На форзацах он поместил японские эстампы, оттиск «Всадника и смерти» Дюрера и одну из своих гравюр. Короче говоря, сделал из рукописи настоящую книгу. Вопреки ожиданиям Гогена, «Прежде и потом» будет опубликована лишь одиннадцать лет спустя в Мюнхене, в 1914 году. Это будет факсимильное воспроизведение рукописи с великолепными черными монотипами, включенными автором. Отдельной книгой «Прежде и потом» выйдет в 1923 году. А тогда, в начале 1903 года, ничто не могло пробить брешь в атмосфере неприятия, созданной вокруг творчества Гогена.

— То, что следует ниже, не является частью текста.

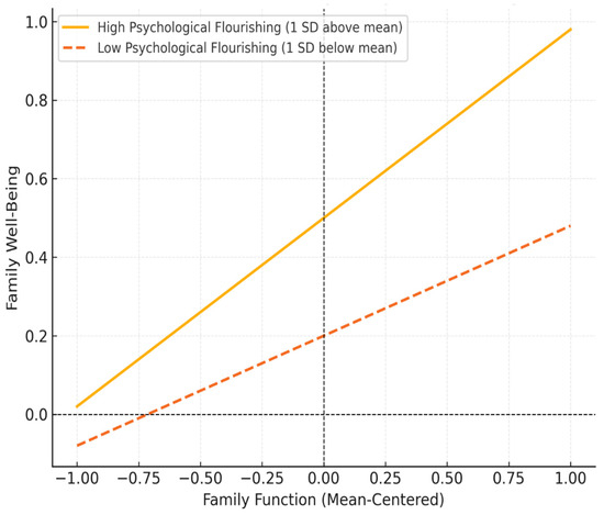 Simple slopes analysis further demonstrated that when psychological flourishing was high (1 SD above the mean), the effect of family function on family well-being was stronger (β = 0.48, p < 0.001). In contrast, when psychological flourishing was low (1 SD below the mean), the effect was weaker but still significant (β = 0.28, p < 0.01).

Предисловие, явно написанное в последний момент, явилось своего рода прощальным посланием к читателю: «Разрозненные записки, не имеющие продолжения, как и мечты, как и сама жизнь, составлены из кусков […] Это не книга […] Полезно повторять снова и снова, повторять до бесконечности — это как наваждение, что мораль нас подавляет, она в своей ненависти ко всякому братству душит свободу. Это мораль дураков, мораль святош, мораль патриотов, мораль солдат и жандармов. Долг для них состоит в исполнении своих обязанностей, военного устава, дрейфусарского или недрейфусарского[29].
Это мораль Дрюмона, Дерулера.
Мораль народного просвещения и цензуры.
Мораль эстетическая и, разумеется, мораль критики.
Мораль судейских и так далее.
Мой сборник в этой системе ничего не изменит, но… когда я пишу, это все же приносит утешение».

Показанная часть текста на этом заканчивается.